Member of the West Bengal Legislative Assembly
- In office 2011–2026
- Preceded by: Constituency Established
- Succeeded by: Debasish Dhar
- Constituency: Sonarpur Uttar

Personal details
- Born: Kolkata, West Bengal, India
- Party: All India Trinamool Congress
- Spouse: Nazrul Ali Mondal
- Children: Tanweer Mondal

= Firdousi Begum =

Indian politician

Firdousi Begum (born 1979) is an Indian politician from West Bengal. In 2011, 2016 and 2021, she was elected as MLA of Sonarpur Uttar Vidhan Sabha constituency in West Bengal Legislative Assembly.

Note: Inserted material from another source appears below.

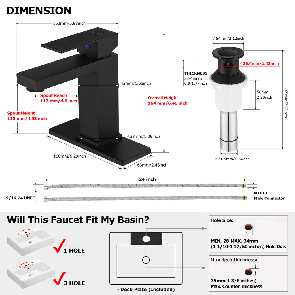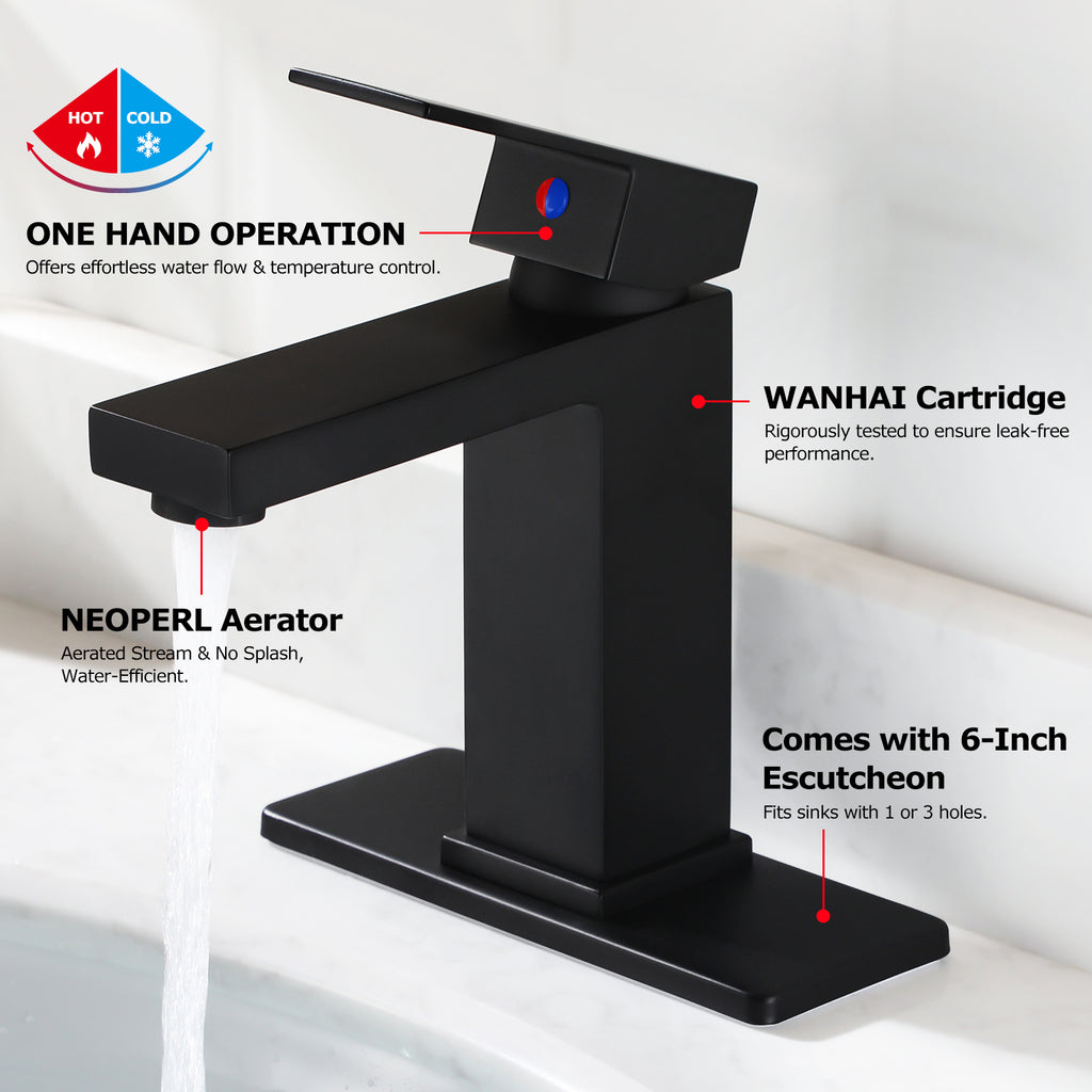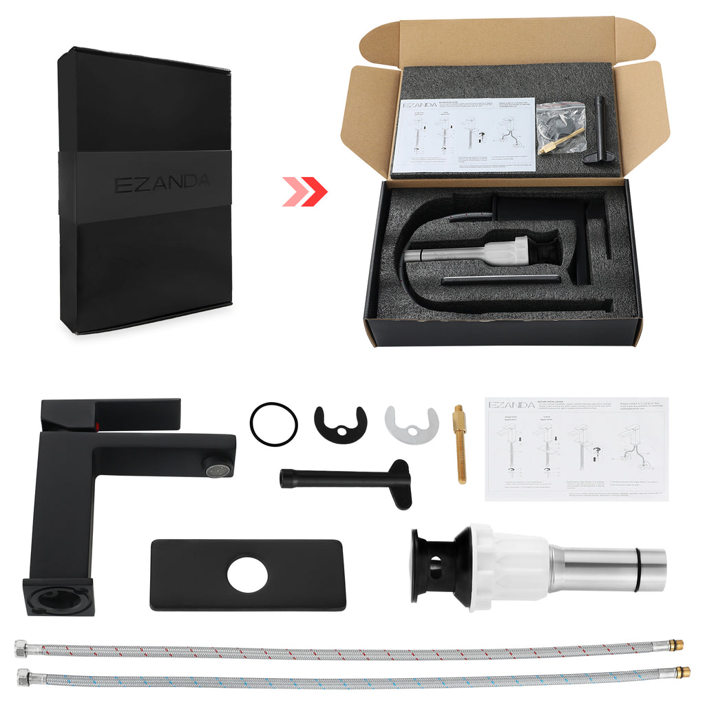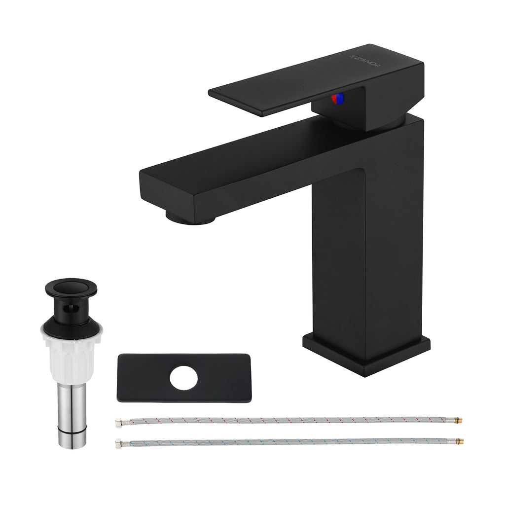 EZANDA Brass Single-Handle Bathroom Sink Faucet with Escutcheon, Pop Up Drain Stopper & Water Supply Hoses, Matte Black (14253)

Begum is an Indian politician of
All India Trinamool Congress [AITC]. She is now parliamentary
secretary of the department of panchayats and rural development since
3 January 2014.

She joined All India Trinamool Congress as a lady Councillor of
Rajpur-Sonarpur Municipality in June, 2004.

She was vice-chairperson of Rajpur-Sonarpur Municipality since 2009 to 2013.

She is also the first lady Member of Legislative Assembly since May,
2011 of Sonarpur Constituency.

She is also Member of District planning committee of south 24 parganas
and member of standing committee of privileges and finance excise,
development and planning.

 She is from All India Trinamool Congress.